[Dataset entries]

□ □ □ □ □ □ □

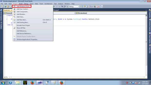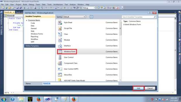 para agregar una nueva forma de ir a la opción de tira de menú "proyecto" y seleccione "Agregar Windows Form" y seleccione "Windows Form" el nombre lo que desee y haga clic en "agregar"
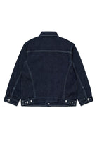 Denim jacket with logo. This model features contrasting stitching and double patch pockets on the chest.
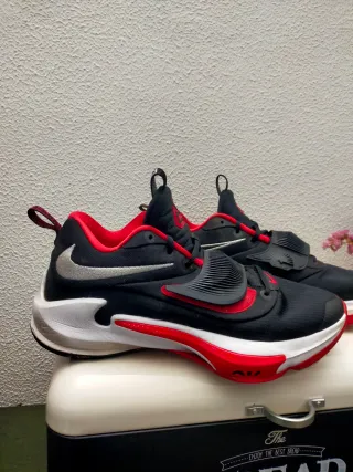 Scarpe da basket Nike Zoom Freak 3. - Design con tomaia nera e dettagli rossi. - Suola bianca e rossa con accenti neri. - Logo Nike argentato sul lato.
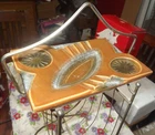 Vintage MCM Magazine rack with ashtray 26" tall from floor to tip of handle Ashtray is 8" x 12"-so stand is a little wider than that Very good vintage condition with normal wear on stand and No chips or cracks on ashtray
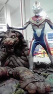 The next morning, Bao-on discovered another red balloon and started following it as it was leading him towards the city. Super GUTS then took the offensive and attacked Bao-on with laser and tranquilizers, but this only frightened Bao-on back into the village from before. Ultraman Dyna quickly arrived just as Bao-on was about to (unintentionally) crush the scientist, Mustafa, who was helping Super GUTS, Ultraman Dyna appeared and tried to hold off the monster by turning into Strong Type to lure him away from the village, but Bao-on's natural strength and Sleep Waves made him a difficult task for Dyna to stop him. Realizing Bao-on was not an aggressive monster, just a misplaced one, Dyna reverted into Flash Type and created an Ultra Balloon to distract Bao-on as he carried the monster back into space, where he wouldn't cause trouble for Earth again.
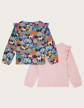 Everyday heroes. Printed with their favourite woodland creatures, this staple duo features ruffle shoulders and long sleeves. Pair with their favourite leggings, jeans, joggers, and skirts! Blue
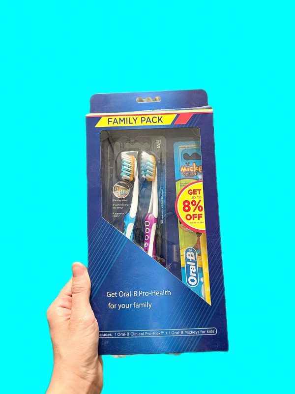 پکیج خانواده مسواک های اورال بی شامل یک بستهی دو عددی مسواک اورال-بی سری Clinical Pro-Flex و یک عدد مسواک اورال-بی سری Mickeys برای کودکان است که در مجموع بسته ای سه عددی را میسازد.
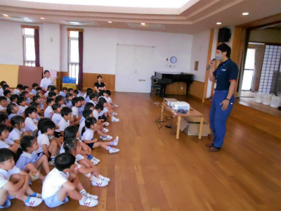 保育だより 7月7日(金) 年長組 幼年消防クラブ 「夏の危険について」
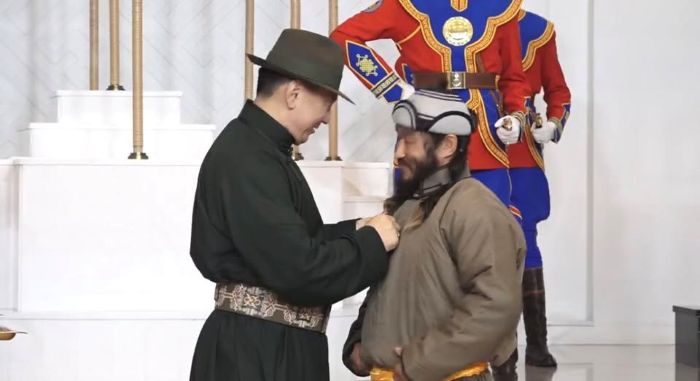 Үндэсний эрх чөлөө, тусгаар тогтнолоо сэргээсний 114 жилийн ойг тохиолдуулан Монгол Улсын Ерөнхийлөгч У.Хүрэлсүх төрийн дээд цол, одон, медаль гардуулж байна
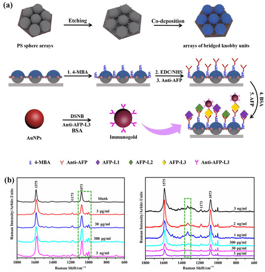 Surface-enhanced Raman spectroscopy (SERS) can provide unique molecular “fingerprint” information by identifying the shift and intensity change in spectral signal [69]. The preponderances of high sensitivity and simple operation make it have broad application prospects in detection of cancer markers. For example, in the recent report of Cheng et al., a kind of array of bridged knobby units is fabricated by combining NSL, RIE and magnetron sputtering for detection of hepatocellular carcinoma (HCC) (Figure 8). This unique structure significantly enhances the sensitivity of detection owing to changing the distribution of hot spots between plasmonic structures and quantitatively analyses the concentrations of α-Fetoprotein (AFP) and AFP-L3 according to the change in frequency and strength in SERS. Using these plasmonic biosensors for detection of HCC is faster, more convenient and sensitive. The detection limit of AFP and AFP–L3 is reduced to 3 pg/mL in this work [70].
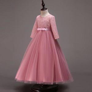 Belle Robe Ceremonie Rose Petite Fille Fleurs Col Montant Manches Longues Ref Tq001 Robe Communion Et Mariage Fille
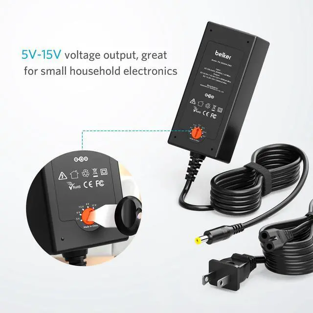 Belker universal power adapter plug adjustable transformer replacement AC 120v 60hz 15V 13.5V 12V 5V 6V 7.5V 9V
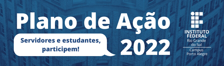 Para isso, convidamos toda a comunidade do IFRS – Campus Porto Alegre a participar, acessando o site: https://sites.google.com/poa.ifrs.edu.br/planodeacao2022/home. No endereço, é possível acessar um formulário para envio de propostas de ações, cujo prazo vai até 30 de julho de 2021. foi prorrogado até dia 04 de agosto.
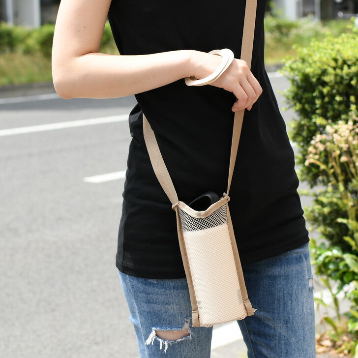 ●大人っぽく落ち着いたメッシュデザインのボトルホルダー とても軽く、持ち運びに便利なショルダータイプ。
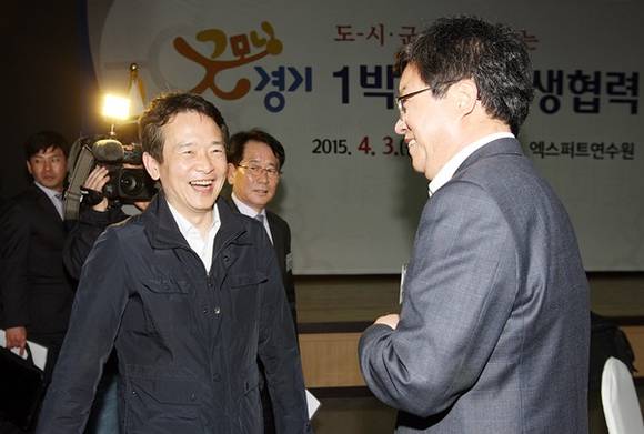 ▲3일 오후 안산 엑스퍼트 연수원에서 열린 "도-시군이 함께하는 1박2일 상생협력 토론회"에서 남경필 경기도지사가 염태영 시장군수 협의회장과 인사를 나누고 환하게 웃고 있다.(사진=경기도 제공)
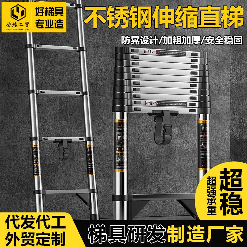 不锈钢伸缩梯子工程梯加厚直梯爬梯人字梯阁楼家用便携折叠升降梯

□ □ □ □ □ □ □

• ACTIVITY:
Treating the line with "Scarpe da basket" as the last line to include, retype the records exactly from their first line, excluding pictures.

• SOLVED PROBLEM:
 para agregar una nueva forma de ir a la opción de tira de menú "proyecto" y seleccione "Agregar Windows Form" y seleccione "Windows Form" el nombre lo que desee y haga clic en "agregar"
 Denim jacket with logo. This model features contrasting stitching and double patch pockets on the chest.
 Scarpe da basket Nike Zoom Freak 3. - Design con tomaia nera e dettagli rossi. - Suola bianca e rossa con accenti neri. - Logo Nike argentato sul lato.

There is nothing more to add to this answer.